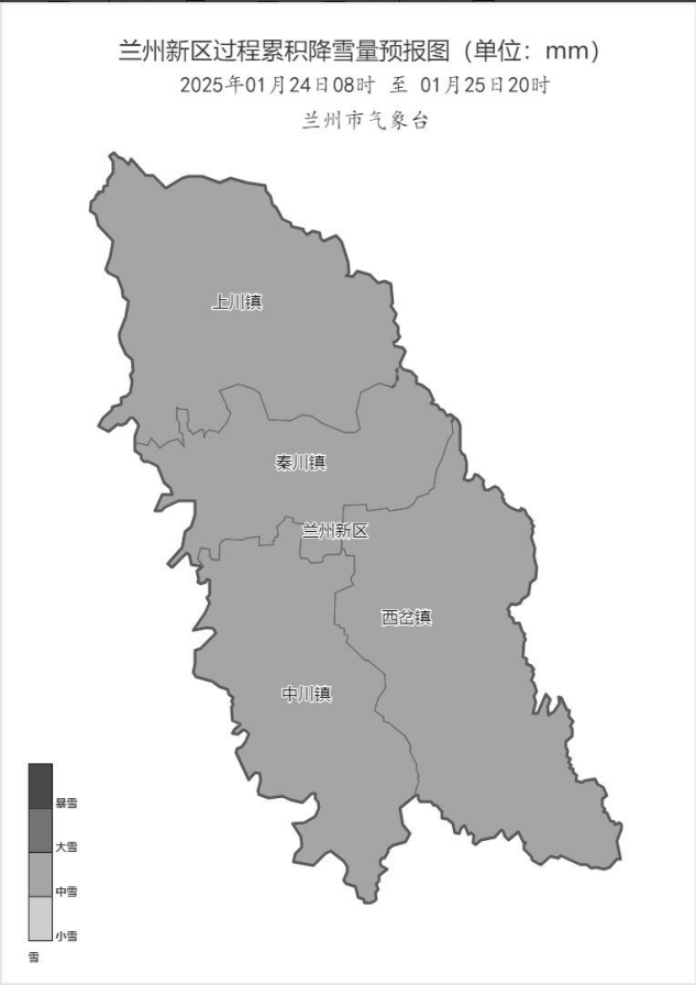 图1:兰州新区累积降雪量预报图(24日08时至25日20时)
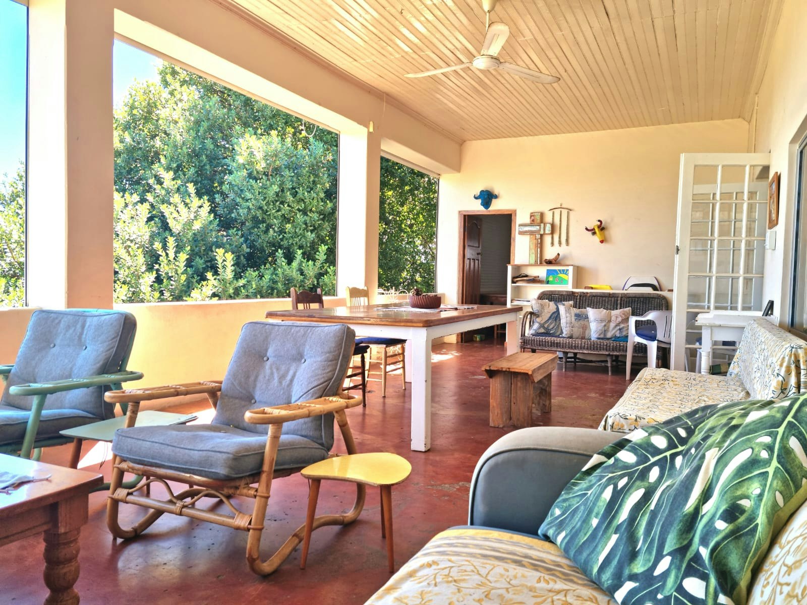 The living area opens onto a large covered patio with a sea view, outdoor seating, a dining table, and chairs. Ample secure off-street parking is available. There is an alarm and armed response. Capped WiFi is provided.
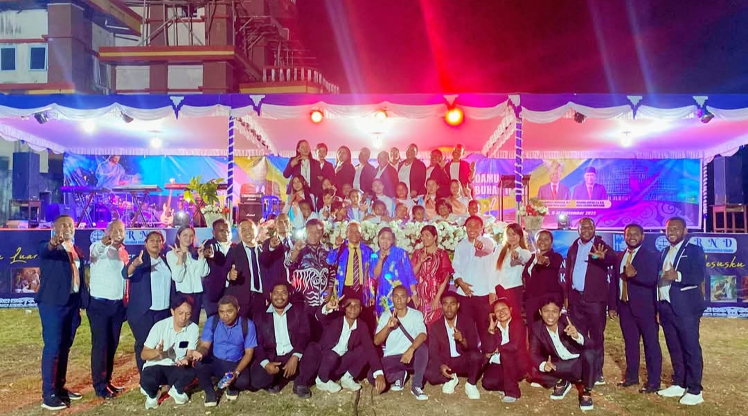 TERASKASUARI.COM, MANOKWARI - Kebaktian Kebangunan Rohani (KKR) dan Kesembuhan Ilahi oleh Pdt. Markus Nome di warnai dengan ibadah syukur relawan DOAMU yang digelar pada Selasa, (9/9/2025) di Lapangan Parkir Pusat Pendidikan Bara Api Penuai Amban Manokwari.
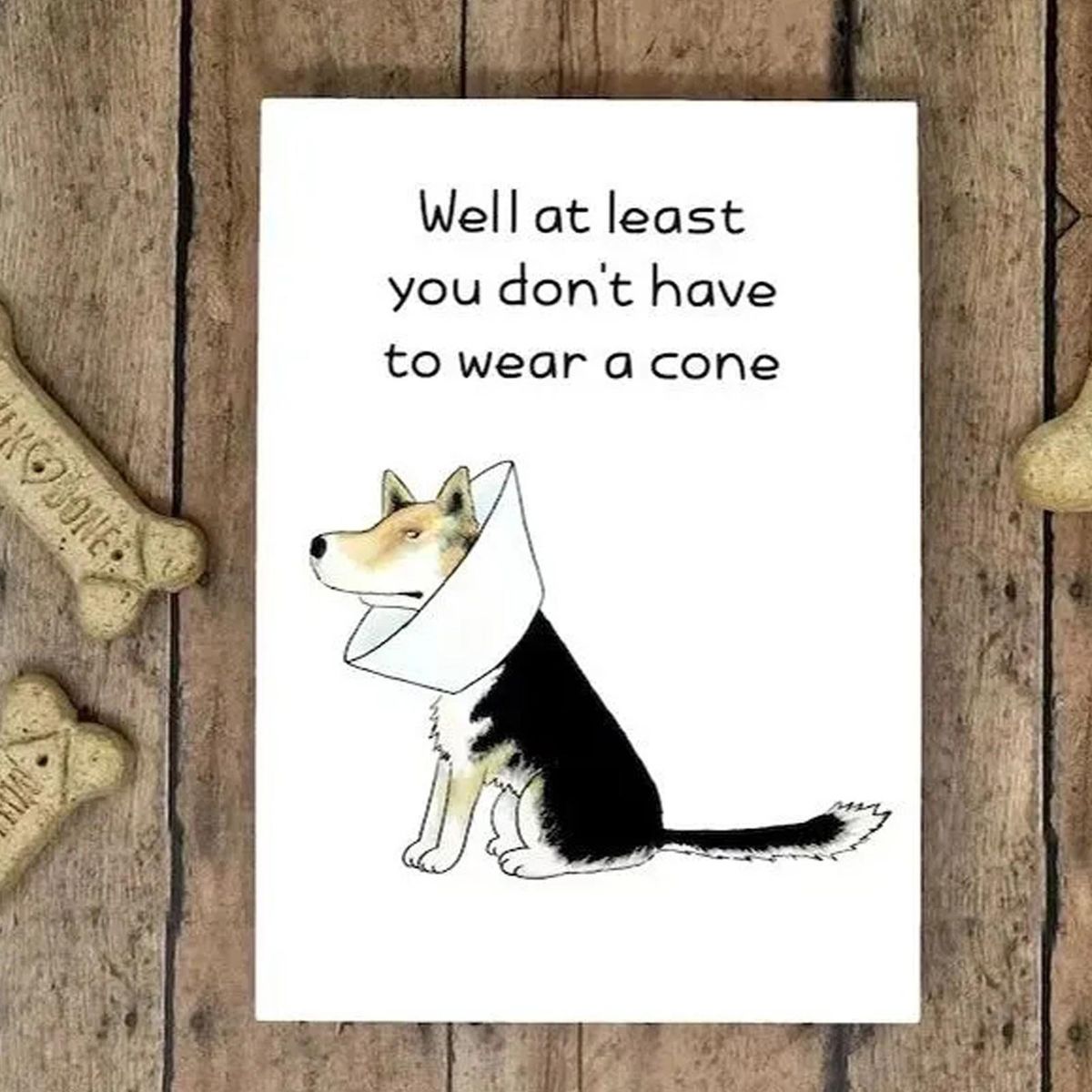 Whether you're looking for a gift for an injured or sick friend, a dog owner, or just someone who loves dogs, this card is the perfect choice. wish them a speedy recovery and let them know that you're thinking of them in a fun and memorable way.
▬▬▬
▶ [Exercise details] For this task, give the full listing again verbatim and keep out every picture.

▶ [Response for this exercise]
 图1:兰州新区累积降雪量预报图(24日08时至25日20时)
 The living area opens onto a large covered patio with a sea view, outdoor seating, a dining table, and chairs. Ample secure off-street parking is available. There is an alarm and armed response. Capped WiFi is provided.
 TERASKASUARI.COM, MANOKWARI - Kebaktian Kebangunan Rohani (KKR) dan Kesembuhan Ilahi oleh Pdt. Markus Nome di warnai dengan ibadah syukur relawan DOAMU yang digelar pada Selasa, (9/9/2025) di Lapangan Parkir Pusat Pendidikan Bara Api Penuai Amban Manokwari.
 Whether you're looking for a gift for an injured or sick friend, a dog owner, or just someone who loves dogs, this card is the perfect choice. wish them a speedy recovery and let them know that you're thinking of them in a fun and memorable way.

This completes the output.